There is an undirected tree with n nodes labeled from 1 to n. You are given the integer n and a 2D integer array edges of length n - 1, where edges[i] = [ui, vi] indicates that there is an edge between nodes ui and vi in the tree.

Return the number of valid paths in the tree.

A path (a, b) is valid if there exists exactly one prime number among the node labels in the path from a to b.

Note that:

  • The path (a, b) is a sequence of distinct nodes starting with node a and ending with node b such that every two adjacent nodes in the sequence share an edge in the tree.
  • Path (a, b) and path (b, a) are considered the same and counted only once.

 

Example 1:

Input: n = 5, edges = [[1,2],[1,3],[2,4],[2,5]]
Output: 4
Explanation: The pairs with exactly one prime number on the path between them are: 
- (1, 2) since the path from 1 to 2 contains prime number 2. 
- (1, 3) since the path from 1 to 3 contains prime number 3.
- (1, 4) since the path from 1 to 4 contains prime number 2.
- (2, 4) since the path from 2 to 4 contains prime number 2.
It can be shown that there are only 4 valid paths.

Example 2:

Input: n = 6, edges = [[1,2],[1,3],[2,4],[3,5],[3,6]]
Output: 6
Explanation: The pairs with exactly one prime number on the path between them are: 
- (1, 2) since the path from 1 to 2 contains prime number 2.
- (1, 3) since the path from 1 to 3 contains prime number 3.
- (1, 4) since the path from 1 to 4 contains prime number 2.
- (1, 6) since the path from 1 to 6 contains prime number 3.
- (2, 4) since the path from 2 to 4 contains prime number 2.
- (3, 6) since the path from 3 to 6 contains prime number 3.
It can be shown that there are only 6 valid paths.

 

Constraints:

  • 1 <= n <= 105
  • edges.length == n - 1
  • edges[i].length == 2
  • 1 <= ui, vi <= n
  • The input is generated such that edges represent a valid tree.

Solutions

Solution 1: Preprocessing + Union-Find + Enumeration

We can preprocess to get all the prime numbers in $[1, n]$, where $prime[i]$ indicates whether $i$ is a prime number.

Next, we build a graph $g$ based on the two-dimensional integer array, where $g[i]$ represents all the neighbor nodes of node $i$. If both nodes of an edge are not prime numbers, we merge these two nodes into the same connected component.

Then, we enumerate all prime numbers $i$ in the range of $[1, n]$, considering all paths that include $i$.
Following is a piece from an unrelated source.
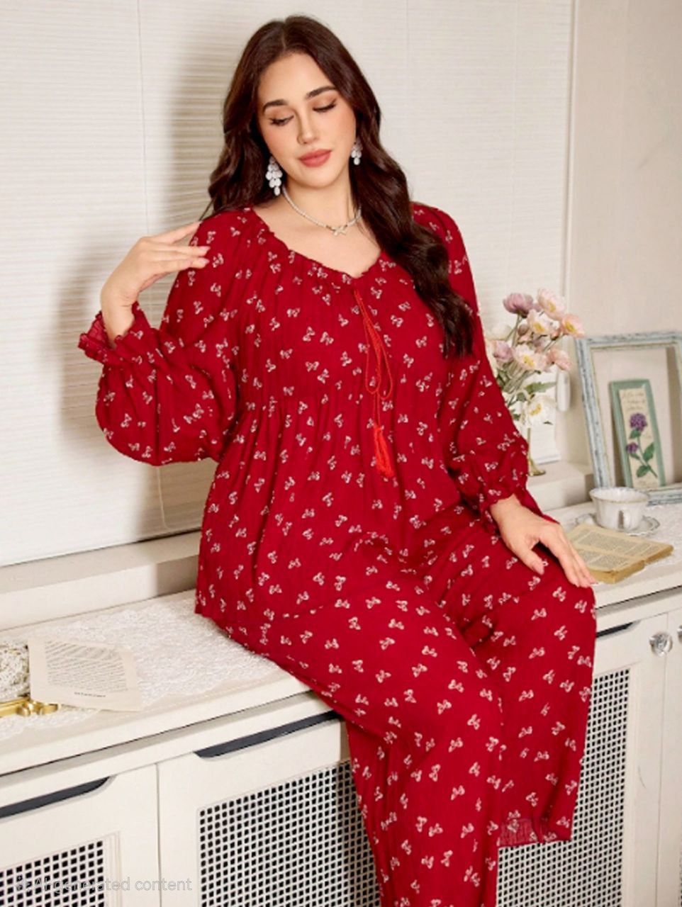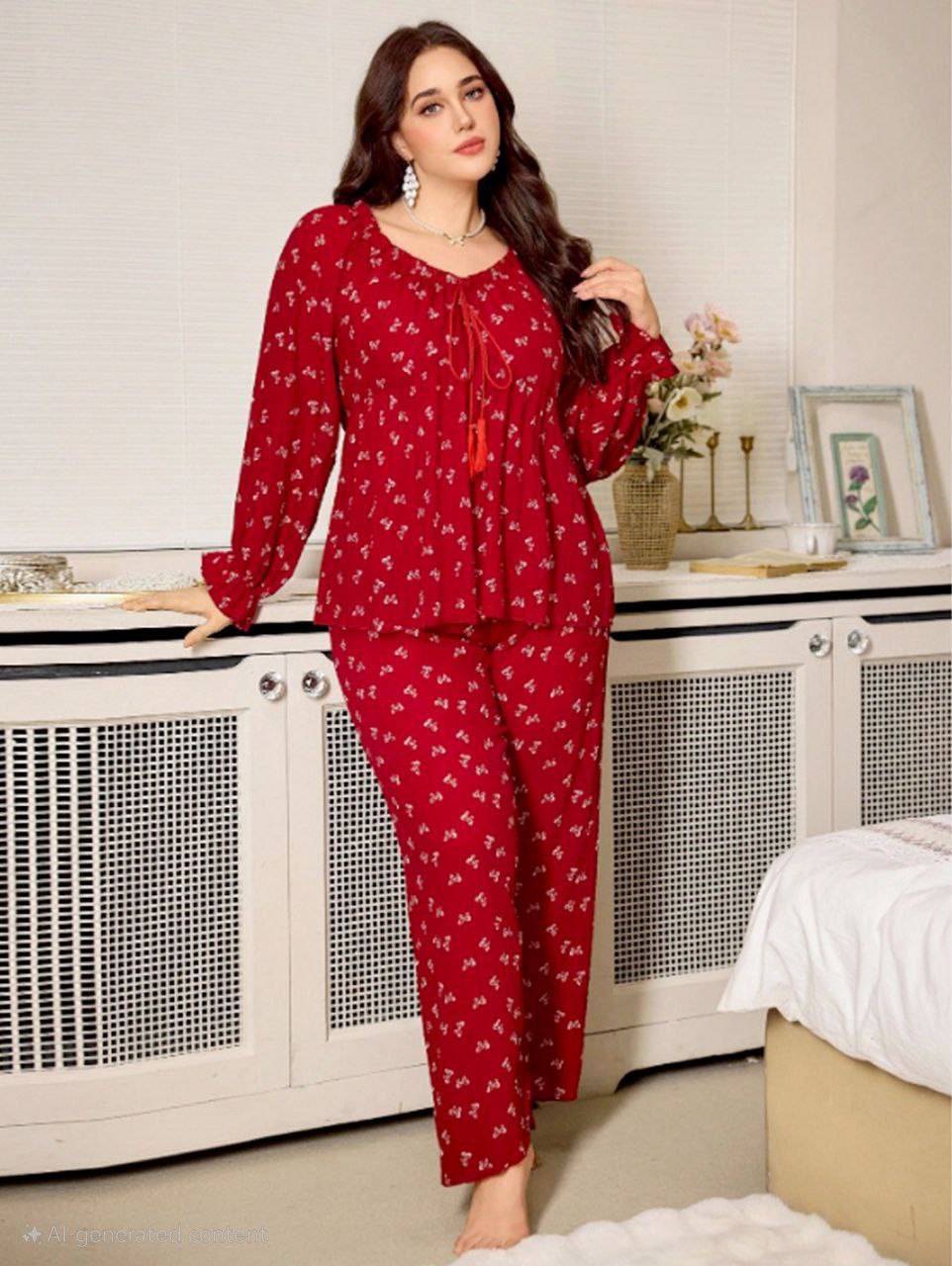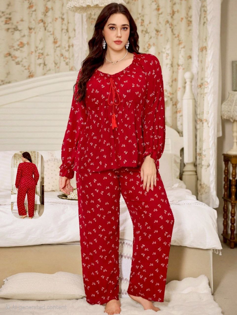 طقم بيجامة/لاونج وير خريفي بيج سايز من إيزابيلا: توب أحمر واسع بنقشة فيونكات صغيرة، بفتحة رقبة برباط شرّابات وكُمّين مطاط، ومعاه بنطلون واسع بنفس النقشة… لوك أنثوي شيك ومريح للبيت والقعدة مع العيلة 🧡
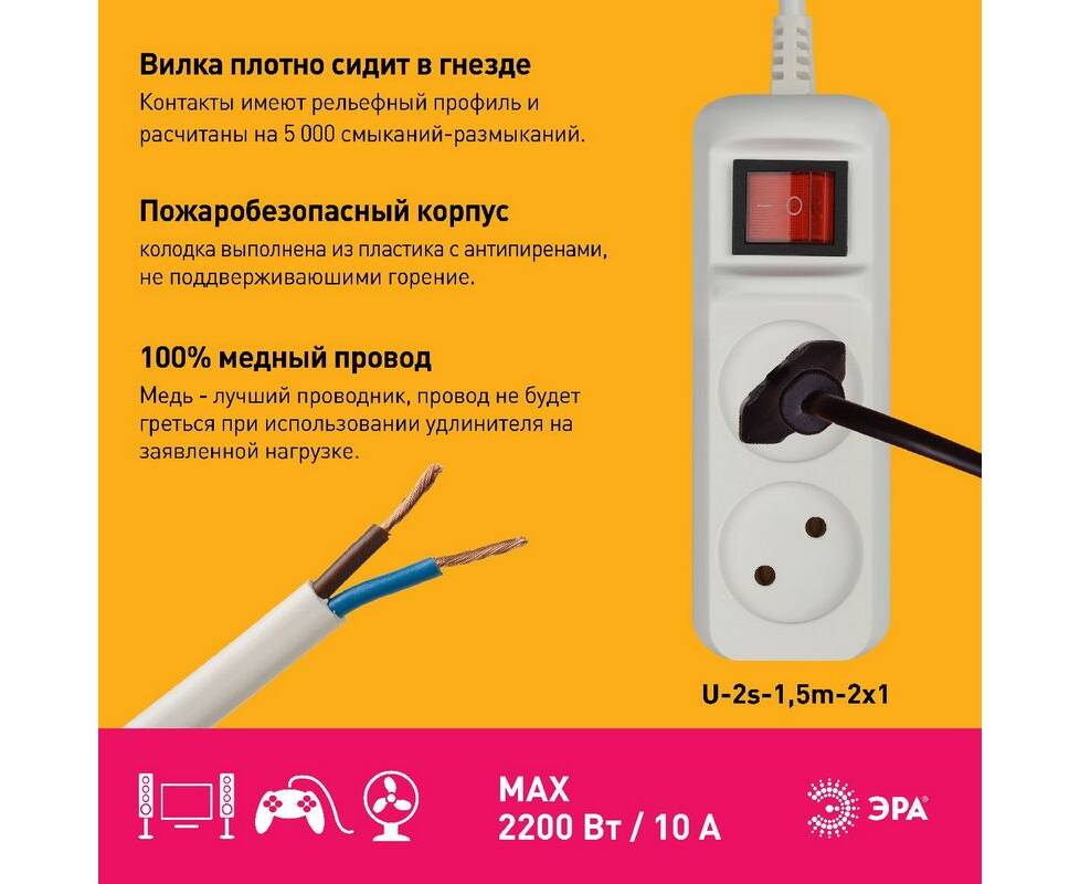Удлинитель электрический Эра U-2s-1,5m-2x1 Б0044046

Since $i$ is already a prime number, if $i$ is an endpoint of the path, we only need to accumulate the sizes of all connected components adjacent to node $i$. If $i$ is a middle point on the path, we need to accumulate the product of the sizes of any two adjacent connected components.

The time complexity is $O(n \times \alpha(n))$, and the space complexity is $O(n)$. Here, $n$ is the number of nodes, and $\alpha$ is the inverse function of the Ackermann function.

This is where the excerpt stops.